With these automated checks, human review is no longer needed for mechanical steps - which is important at scale, where manual gatekeeping becomes a bottleneck. Instead of having to check formatting or whether it has enough tests, engineers can focus on business logic implementation and architectural decisions.

After passing all the checks, it’s time to deploy to a staging environment. It shouldn’t be a problem to deploy to staging - or so it seems. In practice, when multiple teams are testing different features simultaneously, a single shared environment becomes a source of constant conflict.

For that reason, when it comes to the CD part of the process, it is crucial to have multiple staging environments. What usually happens is a per-branch preview: you can deploy your branch, and it creates a unique URL. No shared staging instance means no overwrite, no "who deployed what" confusion, and no blocked QA because two teams need to test at the same time.

Conclusion

The practices covered here - modularization, documentation, and automated enforcement - are what make a large codebase workable in the long run.

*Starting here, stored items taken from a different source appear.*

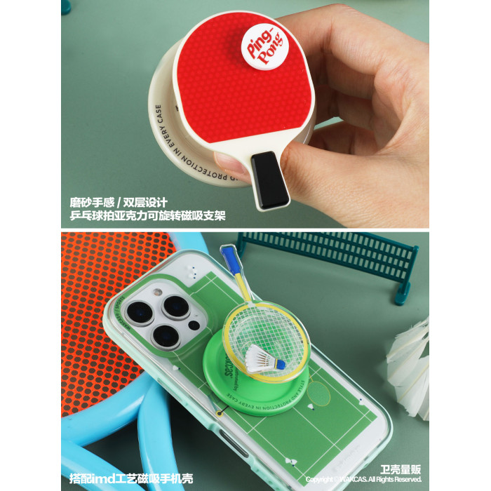 乒乓羽毛球磁吸手機支架個性潮原創趣味旋轉磁吸手機支架小衆新款
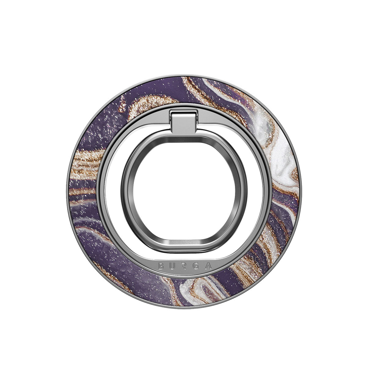 Deze magnetische ringhouder klikt vast met een bevredigende klik, dus geen lijm, geen gedoe. Gebruik ‘m als grip om met één hand te scrollen, als standaard voor handsfree series en films kijken, of als stijlvolle accessoire die perfect bij je BURGA-hoesje past.
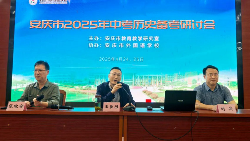 蔷薇花开,风和日丽。4月24日下午,2025年安庆市中考历史备考研讨会课堂教学展示和中考一模总结环节在我校报告厅开展。安庆市教育教学研究室王艮胜副主任,历史教研员张皖宿主任,我校刘兵副校长等参加此次研讨会。本次活动还汇聚了安庆各市、县、区历史学科教研员和一线教师,共同聚焦历史教学,把握中考脉搏,探索历史教育发展新方向。
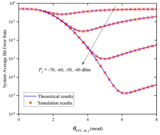 Figure 13 shows the system’s ABER versus the FoV for different values of when and . In this figure, we find that the system’s ABER decreases first and then increases as increases for a given . This indicates that there is an optimal value for obtaining the minimum system ABER, and the optimal value increases gradually with the increase in .
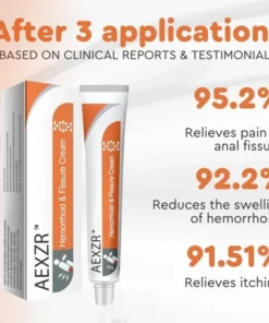 AEXZR™ Hemorrhoid & Fissure Cream is a powerful, dual-action formula that provides fast relief from pain and swelling in one product. Our advanced formula is specially designed to provide targeted relief from the symptoms of hemorrhoids and fissures, allowing you to regain control of your life. Developed by experts, this cream combines powerful ingredients with a soothing formulation to offer comfort and healing precisely where you need it most.
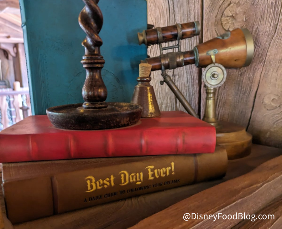 We spotted a map of Neverland, the Jolly Roger Crew Log, and the infamous hook!
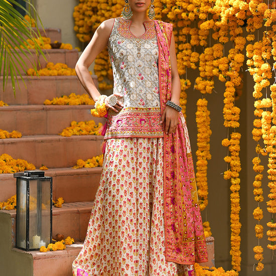 One of the most stunning outfits this season, you can’t stop admiring it! A hand blocked ivory lengha and short shirt adorned with vibrant shades of pinks, orange, corals and yellow. The short shirt is richly embellished with sitara, zardozi, kora, and dabka work, showcasing intricate craftsmanship and adding a luxurious touch to the outfit. The lengha, in matching ivory, ties the look together with its elegant and complementary design. It is paired with a pink and orange hand blocked dupatta, which is further enhanced with detailed handwork all over, adding depth and a splash of color to the ensemble. This outfit is perfect for festive occasions and celebrations, where the blend of traditional embellishments and vibrant hues creates a lovely and elegant look. The combination of intricate detailing and bold colors ensures that the wearer stands out with grace and sophistication.
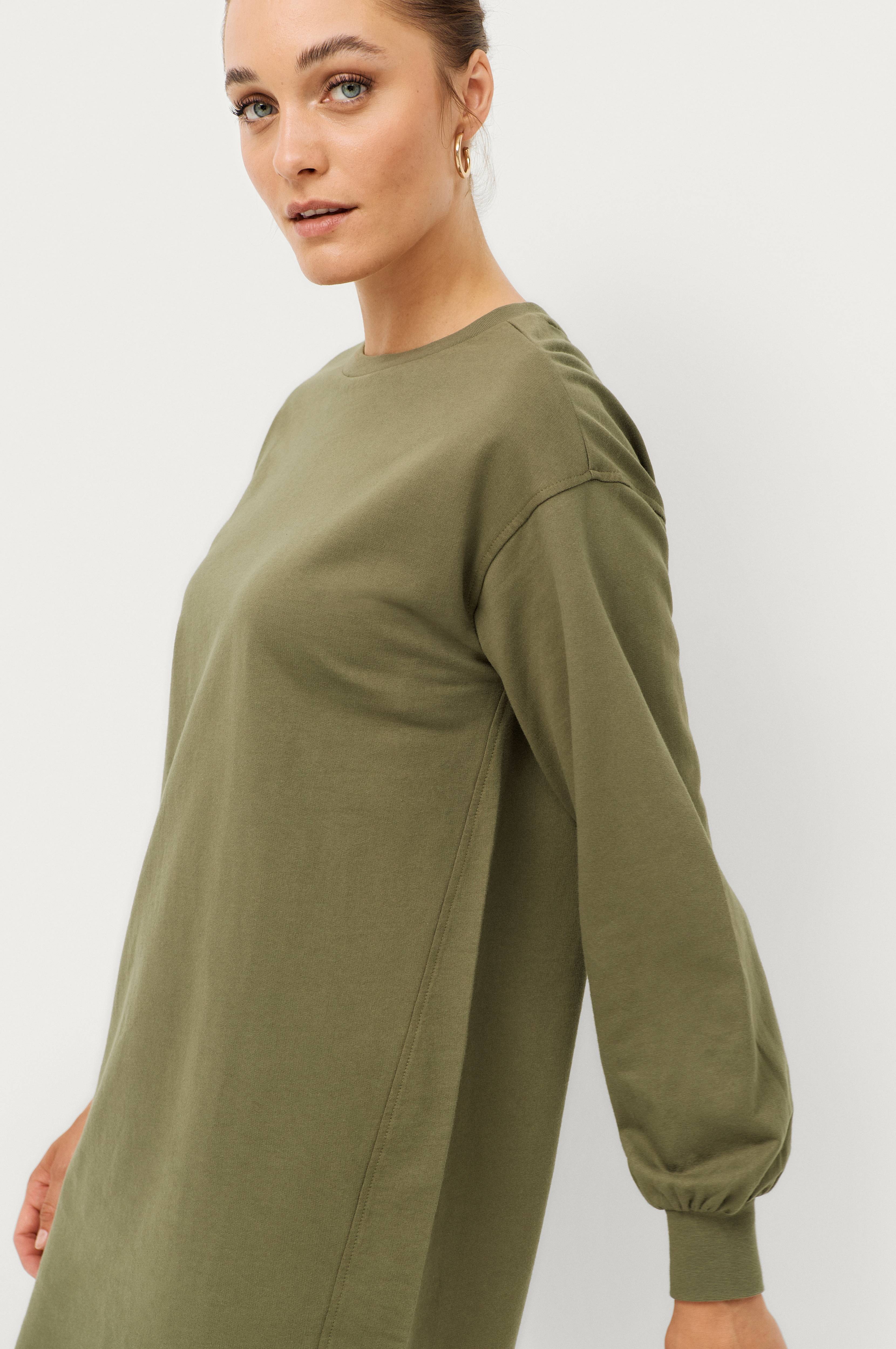 Sweatkjole Zoey med lige pasform og lange ballonærmer med ribkant i ærmekant og lav skuldersøm. Rund hals med ribkant. Længde ca. 91 cm i str. 34/36.

That said, the investment goes beyond tooling and processes. Large companies dedicate entire roles to it: platform engineers who ensure others can ship faster, and system architects who oversee architecture across domains. Beyond roles, there are dedicated processes - like writing and approving RFCs - to govern changes that affect multiple teams.

The investment is ongoing and never fully finished. But the alternative, like teams stepping on each other, knowledge locked in people's heads, regressions shipping, costs far more.